■ **What you are asked to do**: Images do not belong in the copy; retype the rest of the entries below exactly.

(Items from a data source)
▶

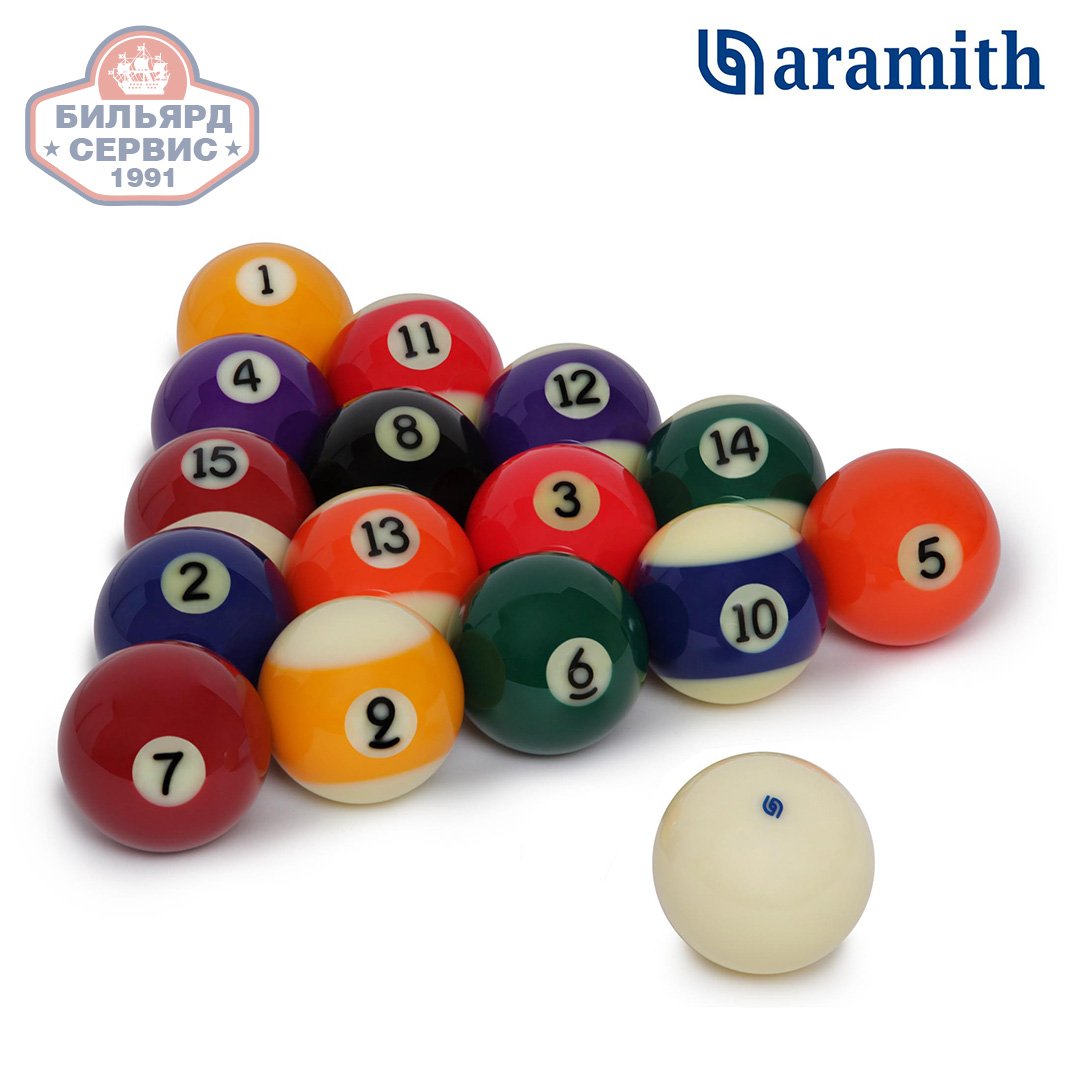 Aramith Premium - шары из фенол-альдегидной смолы производства бельгийской фирмы Saluc S.A., мирового лидера индустрии производства бильярдных шаров. Комплект состоит из 15 шаров с номерами и битка стандартного для пула размера 57,2 мм.
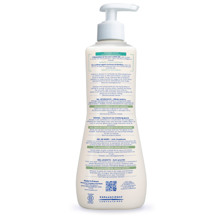 Гель бережно очищает кожу, защищая ее от высушивающего действия жесткой воды, укрепляет кожный барьер и обладает смягчающим действием
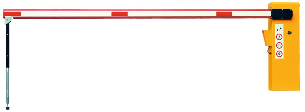 · Sperrbalkenlänge von 2,00 bis 6,00 m · Zum Aufdübeln · 230 Volt Anschluss · Gehäuse aus Stahl, beschichtet in RAL 1028 (melonengelb) · Schrankenbaum aus Aluminium (60 x 40 mm), ab 5,50 m 100 x 40 mm · Höhenverstellbare und gefederte Pendelstütze · Notentriegelung, Soft - Stopp, Automatik- oder Totmannbetrieb, zeitgesteuertes Schließen · Lieferung inkl. 1 Handsender
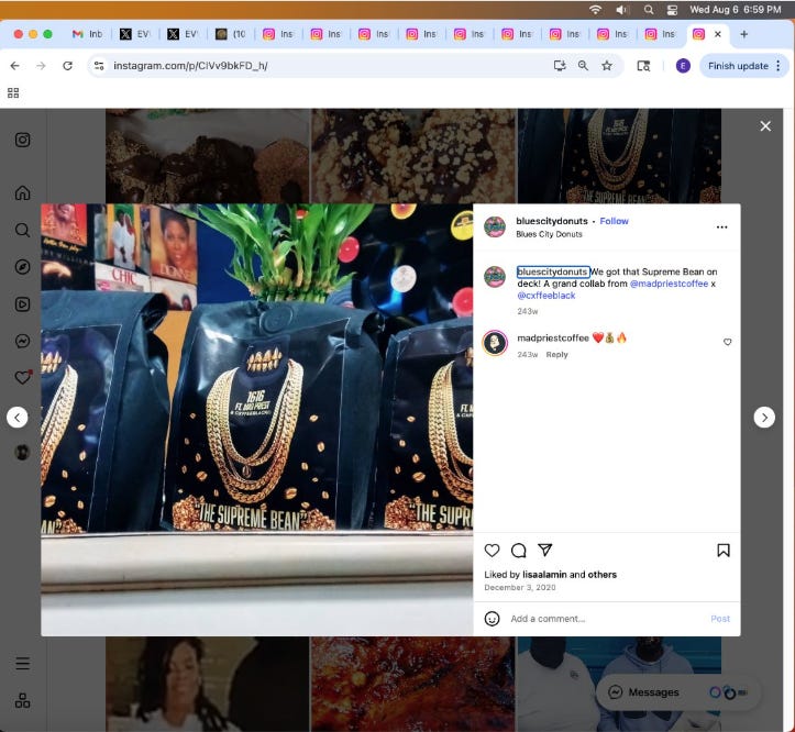 Screenshots above: Same person for Mad Priest Coffee is also for Boston While Black, 5Gum, Nacha (the vendor for SNAP benefits), Trusted Site, WebMD.
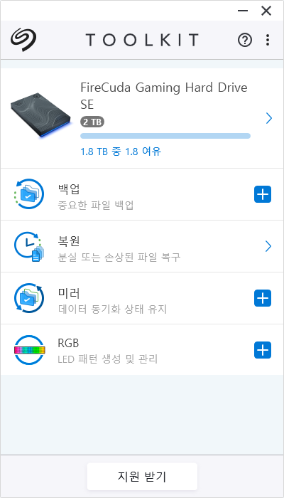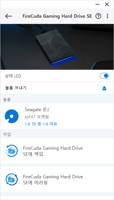 베스카 잉곳 파이어쿠다는 씨게이트 툴킷을 통해 볼륨 상태 확인 및 백업 기능을 활용할 수 있다. 툴킷 실행 시 백업, 복원, 미러, RGB 등의 기능이 표시된다. 상태 LED 사용 유무도 설정해 줄 수 있다.
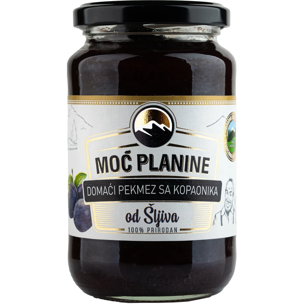 Homemade plum jam produced from a specially selected variety of plums picked at the foot of Kopaonik. We pick plums by hand in our plum trees, select the ripest dark blue fruits, and then cook them in battered pans over low heat with constant stirring until the desired aroma and taste is obtained. Ideal for pancakes. Without added preservatives, artificial colors and flavors.
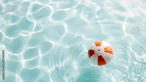 Naklejka premium Vibrant beach ball floating in clear blue swimming pool water, creating...
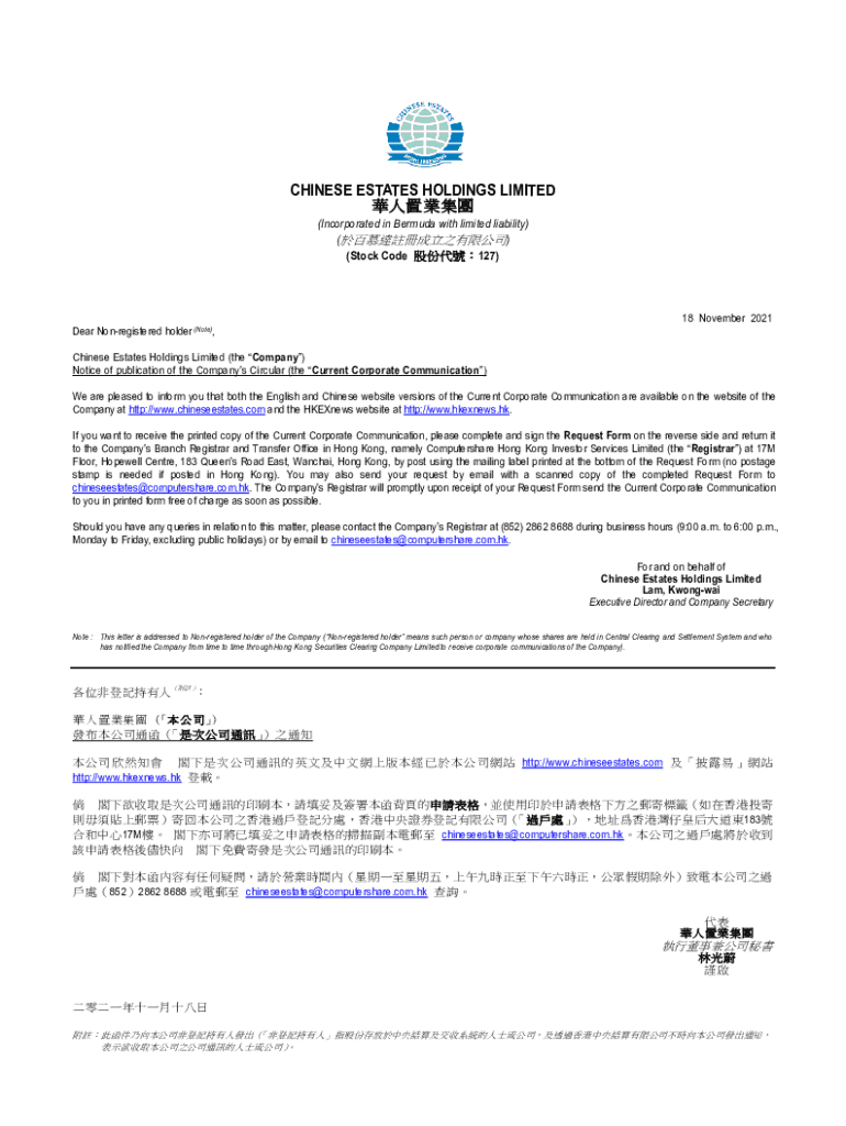 CHINESE ESTATES HOLDINGS LIMITED (Incorporated in Bermuda with limited liability) () (Stock Code 127)18 November 2021 Dear Nonregistered holder (Note), Chinese Estates Holdings Limited (the Company)
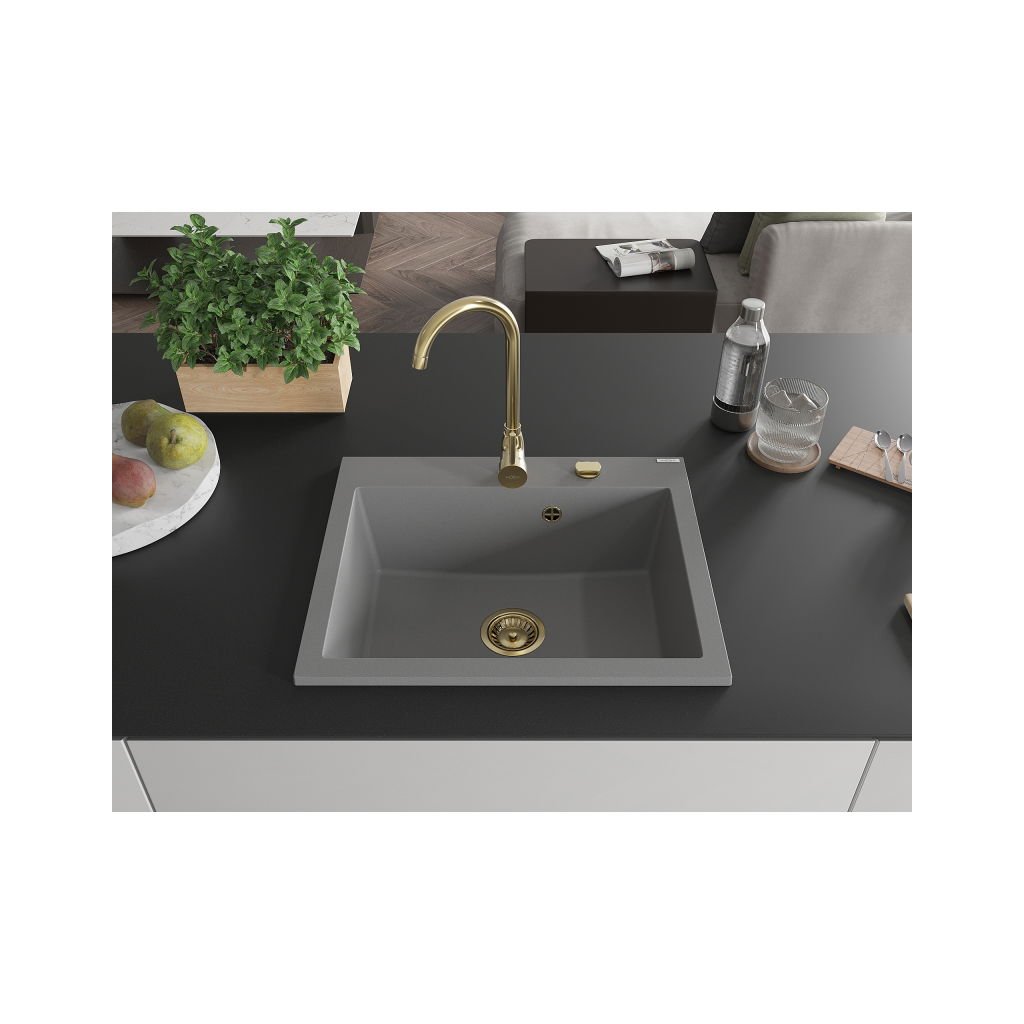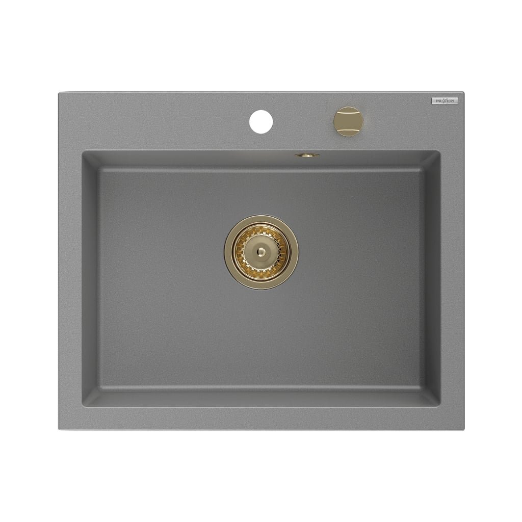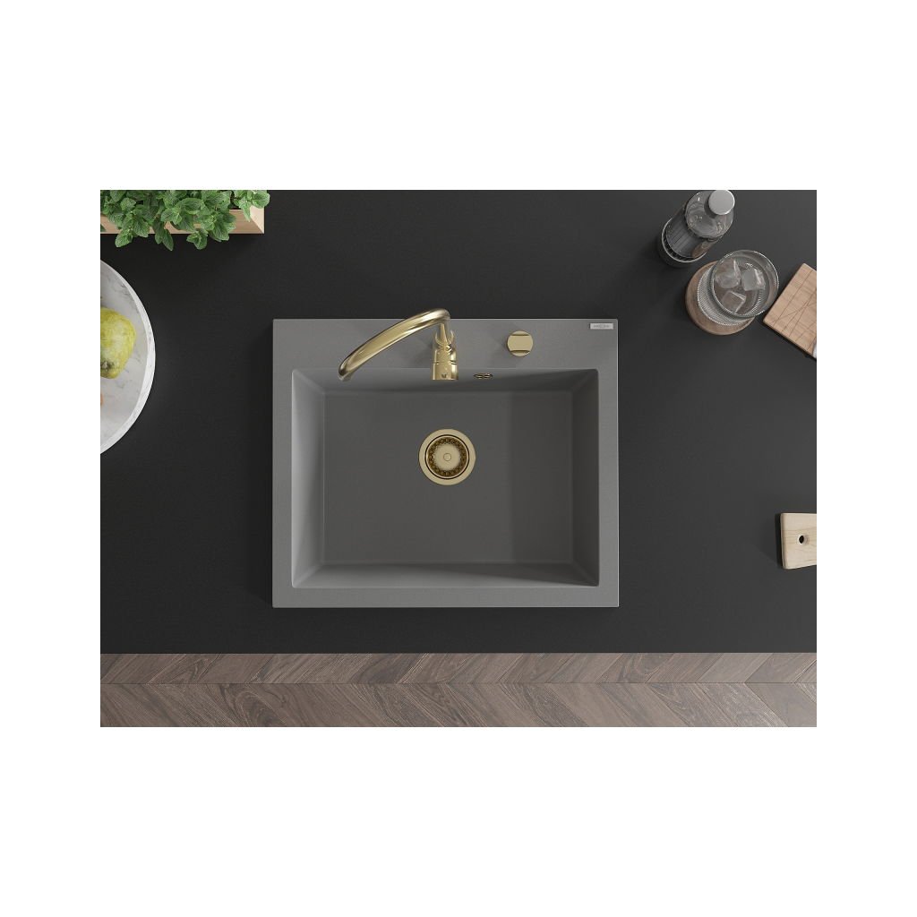 Mexen Elix, chiuvetă din granit cu 1 compartiment 600 x 500 mm, gri, sifon auriu - 6525601005-71-G
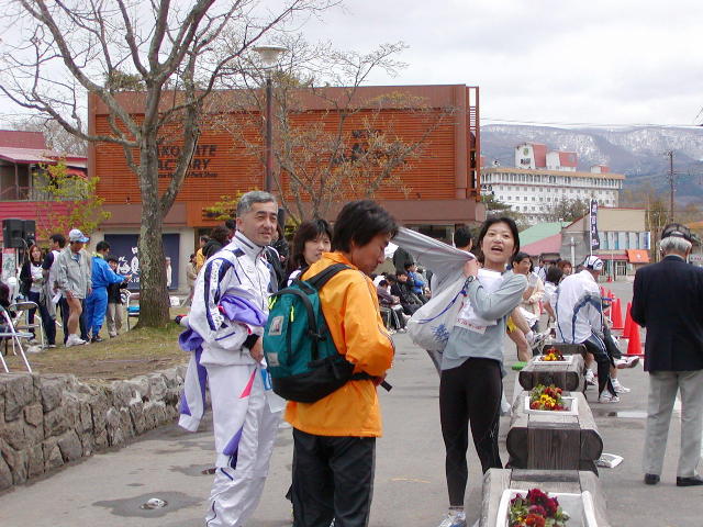 チームのみんなが出迎え、健闘を称える
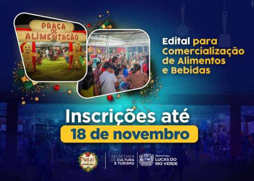 A partir desta sexta-feira (01), a Prefeitura de Lucas do Rio Verde, por meio da Secretaria de Cultura e Turismo, está com as inscrições abertas, do Edital de Seleção Nº 001/2024/SMCT, para seleção de empresas interessadas em comercializar alimentos e bebidas na praça de alimentação do “Natal da Esperança 2024”.
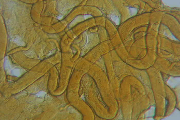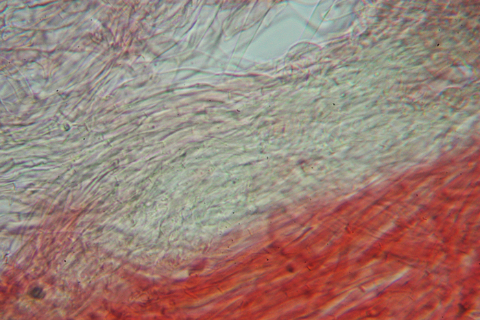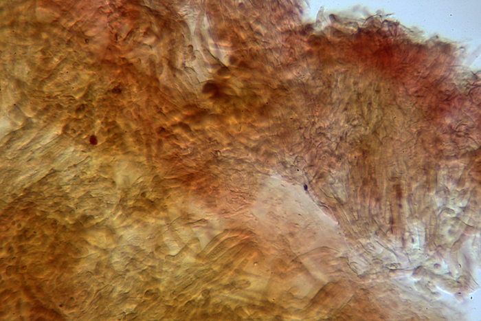 Pileipellis con ife immerse in gel giallastro di Cupophyllus colemannianus, Monte Grino, dicembre 2018

◀

■ **Answer area**:
 Aramith Premium - шары из фенол-альдегидной смолы производства бельгийской фирмы Saluc S.A., мирового лидера индустрии производства бильярдных шаров. Комплект состоит из 15 шаров с номерами и битка стандартного для пула размера 57,2 мм.
 Гель бережно очищает кожу, защищая ее от высушивающего действия жесткой воды, укрепляет кожный барьер и обладает смягчающим действием
 · Sperrbalkenlänge von 2,00 bis 6,00 m · Zum Aufdübeln · 230 Volt Anschluss · Gehäuse aus Stahl, beschichtet in RAL 1028 (melonengelb) · Schrankenbaum aus Aluminium (60 x 40 mm), ab 5,50 m 100 x 40 mm · Höhenverstellbare und gefederte Pendelstütze · Notentriegelung, Soft - Stopp, Automatik- oder Totmannbetrieb, zeitgesteuertes Schließen · Lieferung inkl. 1 Handsender
 Screenshots above: Same person for Mad Priest Coffee is also for Boston While Black, 5Gum, Nacha (the vendor for SNAP benefits), Trusted Site, WebMD.
 베스카 잉곳 파이어쿠다는 씨게이트 툴킷을 통해 볼륨 상태 확인 및 백업 기능을 활용할 수 있다. 툴킷 실행 시 백업, 복원, 미러, RGB 등의 기능이 표시된다. 상태 LED 사용 유무도 설정해 줄 수 있다.
 Homemade plum jam produced from a specially selected variety of plums picked at the foot of Kopaonik. We pick plums by hand in our plum trees, select the ripest dark blue fruits, and then cook them in battered pans over low heat with constant stirring until the desired aroma and taste is obtained. Ideal for pancakes. Without added preservatives, artificial colors and flavors.
 Naklejka premium Vibrant beach ball floating in clear blue swimming pool water, creating...
 CHINESE ESTATES HOLDINGS LIMITED (Incorporated in Bermuda with limited liability) () (Stock Code 127)18 November 2021 Dear Nonregistered holder (Note), Chinese Estates Holdings Limited (the Company)
 Mexen Elix, chiuvetă din granit cu 1 compartiment 600 x 500 mm, gri, sifon auriu - 6525601005-71-G
 チームのみんなが出迎え、健闘を称える
 A partir desta sexta-feira (01), a Prefeitura de Lucas do Rio Verde, por meio da Secretaria de Cultura e Turismo, está com as inscrições abertas, do Edital de Seleção Nº 001/2024/SMCT, para seleção de empresas interessadas em comercializar alimentos e bebidas na praça de alimentação do “Natal da Esperança 2024”.
 Pileipellis con ife immerse in gel giallastro di Cupophyllus colemannianus, Monte Grino, dicembre 2018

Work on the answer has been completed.